» EXERCISE DETAILS
For this exercise, retype the lines from the one that holds "Bates Australia Jumping" through the one that holds "This bingo card" in the records below, both included, exactly and without pictures.

» GIVEN RECORDS
=== Begin Enclosure ===
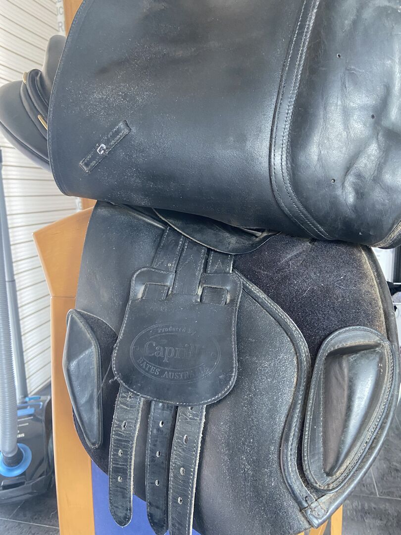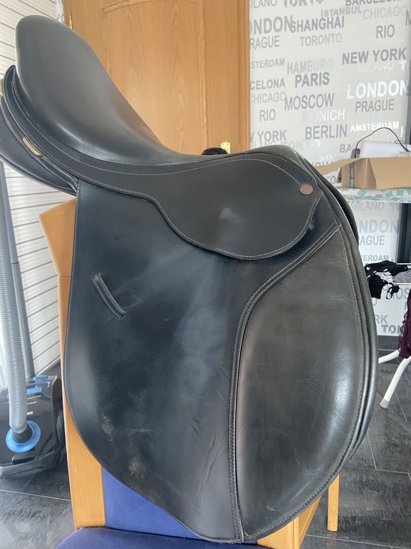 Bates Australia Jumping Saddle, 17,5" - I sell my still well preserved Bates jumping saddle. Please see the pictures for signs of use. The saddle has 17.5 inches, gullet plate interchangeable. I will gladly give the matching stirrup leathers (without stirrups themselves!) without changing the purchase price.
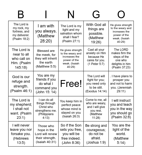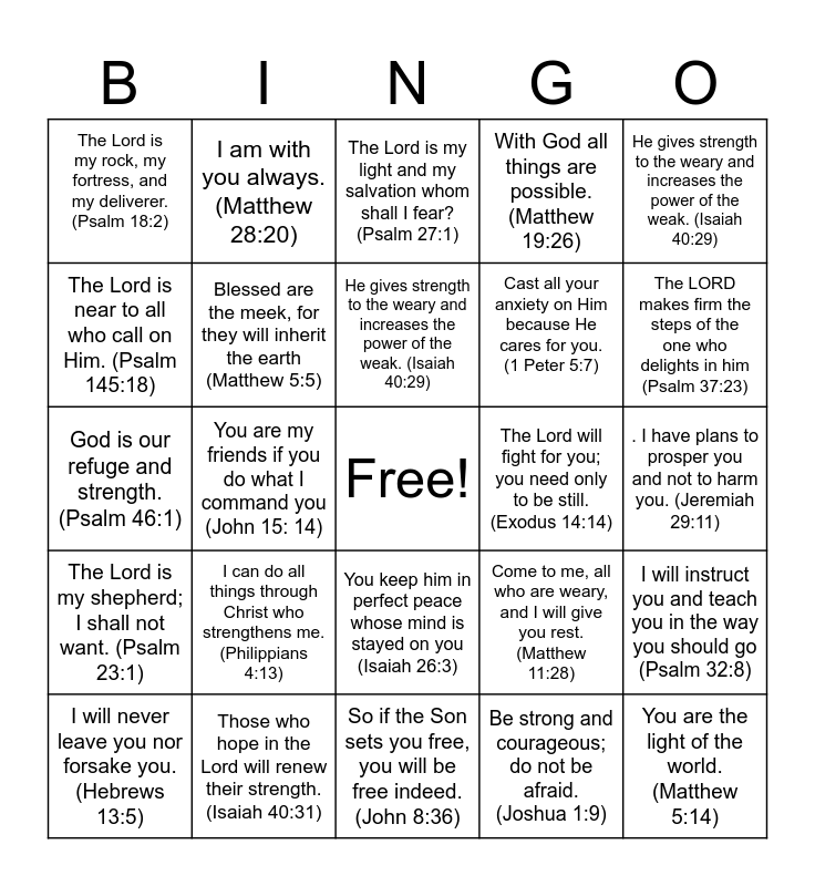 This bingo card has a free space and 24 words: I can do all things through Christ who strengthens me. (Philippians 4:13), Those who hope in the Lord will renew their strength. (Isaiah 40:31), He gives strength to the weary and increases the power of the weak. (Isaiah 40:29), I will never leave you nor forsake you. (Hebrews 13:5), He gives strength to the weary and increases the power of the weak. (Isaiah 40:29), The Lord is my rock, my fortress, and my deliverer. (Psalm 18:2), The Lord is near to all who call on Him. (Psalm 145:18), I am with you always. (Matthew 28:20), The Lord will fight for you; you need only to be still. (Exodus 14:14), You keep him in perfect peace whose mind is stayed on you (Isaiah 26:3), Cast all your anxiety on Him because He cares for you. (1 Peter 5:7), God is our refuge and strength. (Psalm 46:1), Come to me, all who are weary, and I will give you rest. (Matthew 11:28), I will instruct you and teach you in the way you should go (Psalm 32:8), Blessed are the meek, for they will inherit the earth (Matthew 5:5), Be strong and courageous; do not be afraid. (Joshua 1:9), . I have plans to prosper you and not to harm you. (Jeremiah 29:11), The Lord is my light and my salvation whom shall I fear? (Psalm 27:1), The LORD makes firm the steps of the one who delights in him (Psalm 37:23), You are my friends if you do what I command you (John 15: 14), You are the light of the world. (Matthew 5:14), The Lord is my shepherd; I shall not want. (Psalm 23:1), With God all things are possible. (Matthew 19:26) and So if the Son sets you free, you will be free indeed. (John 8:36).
=== End Enclosure ===
=== Begin Enclosure ===
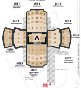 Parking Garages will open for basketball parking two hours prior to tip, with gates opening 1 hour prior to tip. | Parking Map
=== End Enclosure ===
» REPLY TO THE EXERCISE
 Bates Australia Jumping Saddle, 17,5" - I sell my still well preserved Bates jumping saddle. Please see the pictures for signs of use. The saddle has 17.5 inches, gullet plate interchangeable. I will gladly give the matching stirrup leathers (without stirrups themselves!) without changing the purchase price.
 This bingo card has a free space and 24 words: I can do all things through Christ who strengthens me. (Philippians 4:13), Those who hope in the Lord will renew their strength. (Isaiah 40:31), He gives strength to the weary and increases the power of the weak. (Isaiah 40:29), I will never leave you nor forsake you. (Hebrews 13:5), He gives strength to the weary and increases the power of the weak. (Isaiah 40:29), The Lord is my rock, my fortress, and my deliverer. (Psalm 18:2), The Lord is near to all who call on Him. (Psalm 145:18), I am with you always. (Matthew 28:20), The Lord will fight for you; you need only to be still. (Exodus 14:14), You keep him in perfect peace whose mind is stayed on you (Isaiah 26:3), Cast all your anxiety on Him because He cares for you. (1 Peter 5:7), God is our refuge and strength. (Psalm 46:1), Come to me, all who are weary, and I will give you rest. (Matthew 11:28), I will instruct you and teach you in the way you should go (Psalm 32:8), Blessed are the meek, for they will inherit the earth (Matthew 5:5), Be strong and courageous; do not be afraid. (Joshua 1:9), . I have plans to prosper you and not to harm you. (Jeremiah 29:11), The Lord is my light and my salvation whom shall I fear? (Psalm 27:1), The LORD makes firm the steps of the one who delights in him (Psalm 37:23), You are my friends if you do what I command you (John 15: 14), You are the light of the world. (Matthew 5:14), The Lord is my shepherd; I shall not want. (Psalm 23:1), With God all things are possible. (Matthew 19:26) and So if the Son sets you free, you will be free indeed. (John 8:36).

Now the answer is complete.